Jeff Nankivell, Canada’s consul general in Hong Kong and Macao, told a parliamentary committee the federal government had drafted plans to assist nearly 300,000 Canadians living in in the territory if the security situation deteriorated.
“We do have detailed plans in place and we have resources available and identified to cover a range of situations up to, and including, a situation where the urgent departure of a large number of Canadians would be necessary,” he said.
“The likelihood of that kind of extreme scenario appears right now to be low, but it’s our job to plan for the most extreme situations.”
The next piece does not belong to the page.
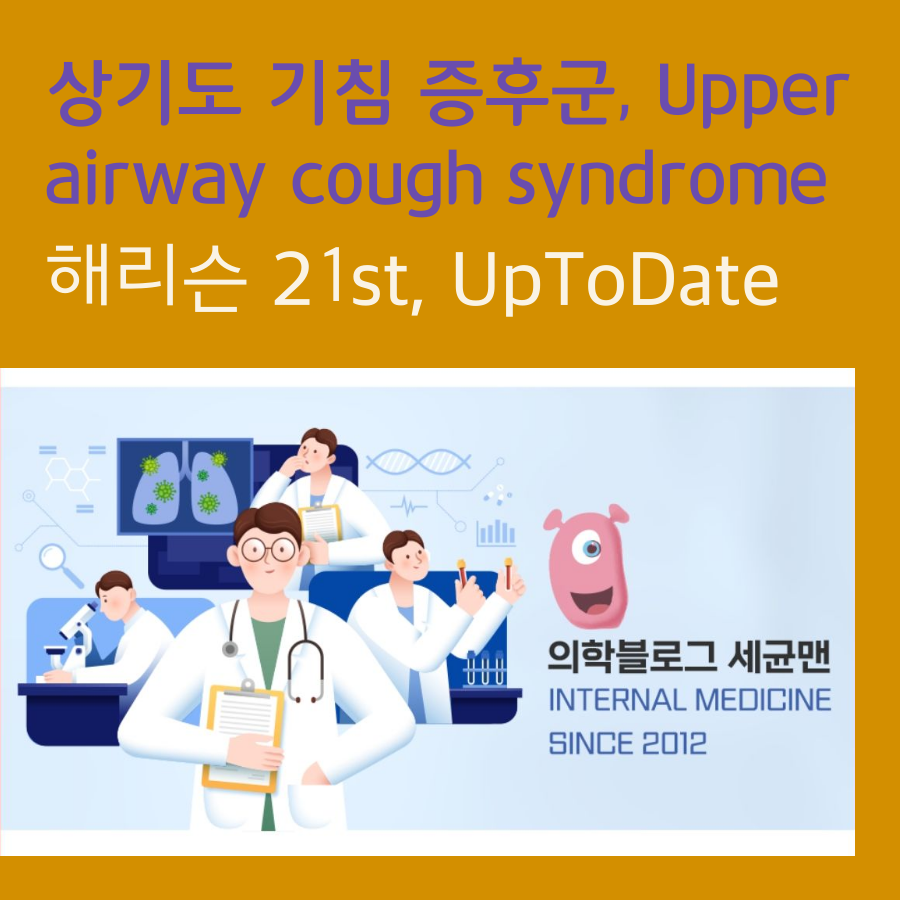 UpToDate 2022.11.27 Upper airway cough syndrome (UACS)을 이전에는 postnasal drip syndrome이라 불렀습니다. 그러나 기침과 관련된 모든 상기도 이상들을 포함한 UACS으로 개정되었습니다. 따라서 알레르기성, 비알레르기성, vasomotor rhinitis, 급성 비인두염, 부비동염을 포함한 여러 원인들을 포함한 명칭입니다. 이러한 것들이 기침을 왜 일으키기는지 잘 알려져 있지 않지만 한 가지 가능성은 UACS이 cough hypersensitiviy 환자에서 기침에 대한 trigger 역할을 한다는 것입니다.

The potential need for evacuation plans was underlined by China’s decision in the summer to enact a controversial security measure. The law, which critics say has criminalised activism and dissent in Hong Kong, has stifled pro-democracy movements and had a chilling effect on media, education and politics.
Nankivell’s testimony is likely to further escalate tensions between China and Canada. After Ottawa expressed support for activists in Hong Kong, China’s ambassador to Canada, Cong Peiwu, said any “interference in China’s domestic affairs” could potentially jeopardise the “ the good health and safety” of Canadian citizens living in in the territory.
Canada’s prime minister, Justin Trudeau, quickly condemned the ambassador’s remarks, and accused China of “coercive diplomacy.”
Canada has plans for a large-scale evacuation, but Nankivell said his staff were unable to help asylum seekers looking for protection at the consulate.
“The global policy of Canada, similar to most other countries, is that our diplomatic missions, including consulates, do not accept applications of asylum at our offices from people who are in their own territory,” he said, adding that no one had yet tried to claim asylum.
In contrast to Canada’s evacuation plans, the UK has said it would extend immigration rights to Hong Kong residents who hold a British National Overseas (BNO) passport. There are currently 300,000 BNO passport holders – those who were born before the 1997 handover of the British territory – but as many as 3 million people could qualify.
China has criticised the plan. Its foreign ministry recently told the UK to “immediately correct its mistakes” and rescind the offer, according to Reuters.
The new visas would permit five-year entry, as opposed to the current six months, and applications open on 31 January. The UK has not yet said what measures are in place to aid its 30,000 citizens living in Hong Kong.